McConnell, who signed with the Pacers before the start of last season, and Turner, who has spent his entire career in Indiana, both say that a lot of what they do on defense cannot be taught. Turner described his shot-blocking ability as “a gift.” McConnell said his type of defense was a mind-set.

“I just want to make it as hard as possible for guys to get into their offense, for them to get over half court — anything,” he said. “You come into the game, and I’m not physically imposing or all that quick. But I’ll pressure you.”

Frank Franklin Ii/Associated Press

While they lean on instinct, timing and effort, they have refined their skills.
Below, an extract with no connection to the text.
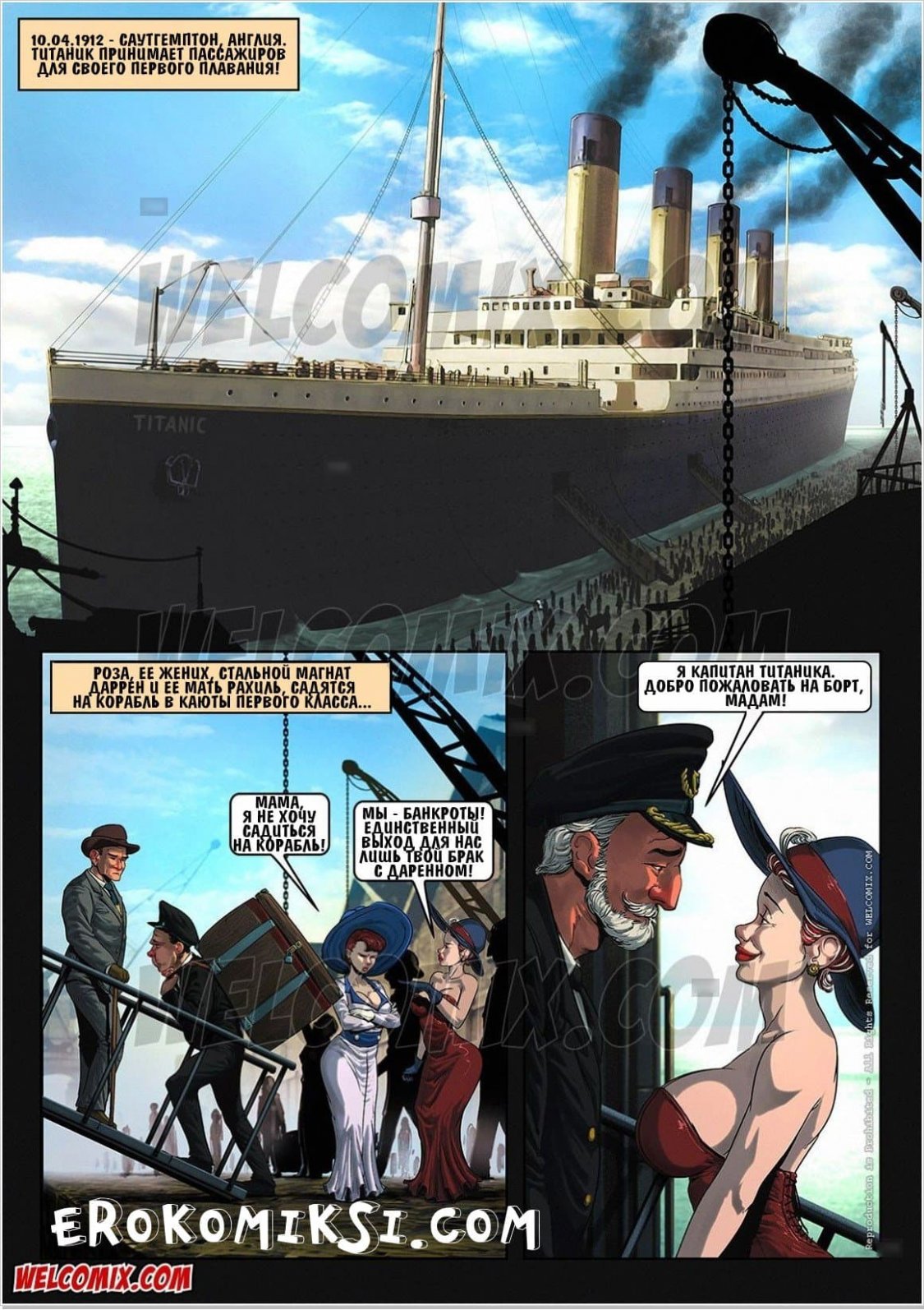 Титаник. В закладки 238 Откровенные интимные комиксы, история которых пойдет об альтернативной версии событий произошедших на самом известном лайнере «Титанике». Из данного Категории: --- Комментарии (0) Написать Прокомментировать Введите код с картинки: Отправить

In college, Turner said, he was often more athletic than the players he defended. But when he entered the N.B.A., he discovered a league populated by decathletes like Russell Westbrook — players who could bound past him or over him. So Turner polished his positioning with the help of Dan Burke, a former assistant coach for the Pacers who now works for the 76ers.
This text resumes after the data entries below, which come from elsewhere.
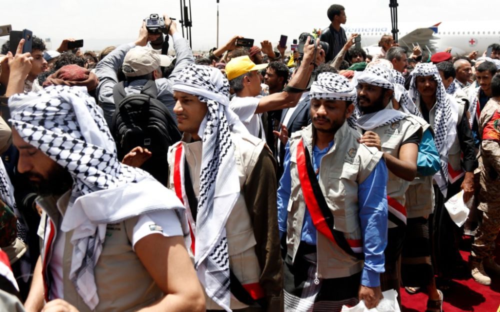 4月14日,在也门萨那机场,人们迎接获释的胡塞武装成员战俘。新华社发(穆罕默德·穆罕默德摄)
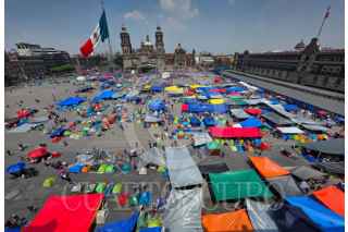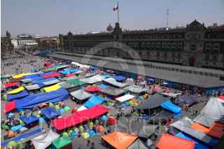 CIUDAD DE MÉXICO, 18MARZO2026.- Maestros pertenecientes a la Coordinadora Nacional de Trabajadores de la Educación, realizaron un mitin en el Zócalo capitalino esto en el marco del Paro Nacional de 72 horas dicho contingente marcho del Ángel de la Independencia a la Plaza de la Constitución. FOTO: ROGELIO MORALES/CUARTOSCURO.COM
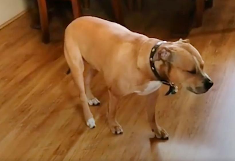 „Avea în jur de șapte luni și era în bucătărie și l-am privit cum mergea tiptil până la bolul său cu mâncare. Mi-am spus că ceva e în neregulă cu acest câine, l-am dus la veterinar, au zis că totul e bine. El face asta când încearcă să fure mâncare”.
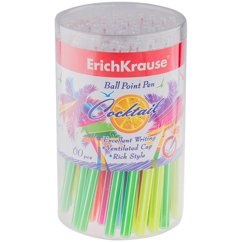Яркая молодежная шариковая ручка с контрастными полосами на корпусе. Вентилируемый колпачок. В ассортименте 5 цветов корпуса, упакованные в платиковый стакан
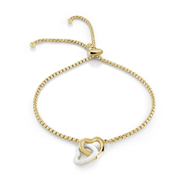 Stainless Steel with Yellow Gold Ion Finish White Enamel Double Puffed Heart Bolo Adjustable Bracelet - Veloria by Italgem Steel

“You have to be in the right spot at the right time,” Turner said. “You have to get there first.”

McConnell was around basketball from an early age. His father, Tim, was his coach at Chartiers Valley High School outside Pittsburgh, where the players occasionally did defensive slides while holding bricks.

“We wouldn’t do it that often,” McConnell said. “But we definitely did it.”

As he got older, McConnell would study Chris Paul’s defensive prowess — “He just makes it so hard on guys,” McConnell said — while earning his way into the N.B.A. with the same sort of resolve. McConnell is routinely underestimated by opposing players, Turner said.

“Especially by the young guys coming into the league,” Turner said. “They look at him, like, ‘Who is this white boy in front of me?’ But T.J., it’s like he takes that to heart. He loves the challenge — the challenge of people looking at him that way.”

Earlier this month, before the All-Star break, McConnell had one of the best games of his career, finishing with 16 points, 13 assists and 10 steals in a win against the Cleveland Cavaliers. During one extraordinary stretch of the first quarter, he had steals on five straight possessions. He set an N.B.A. record with nine steals in the first half.

“That’s as good of a game as you’re going to see,” the Pacers’ Malcolm Brogdon said.

McConnell also leads the league in deflections, though he doesn’t want to know his tally in real time during games, he said, because he worries that he might become “overzealous.”

At the same time, McConnell has managed to block 14 shots. Every time it happens, he said, it comes as a total surprise. And for the briefest moment, he gets a glimpse at what life must be like for his taller teammate.

“It’s kind of like, ‘Did I just do that?’ ” McConnell said.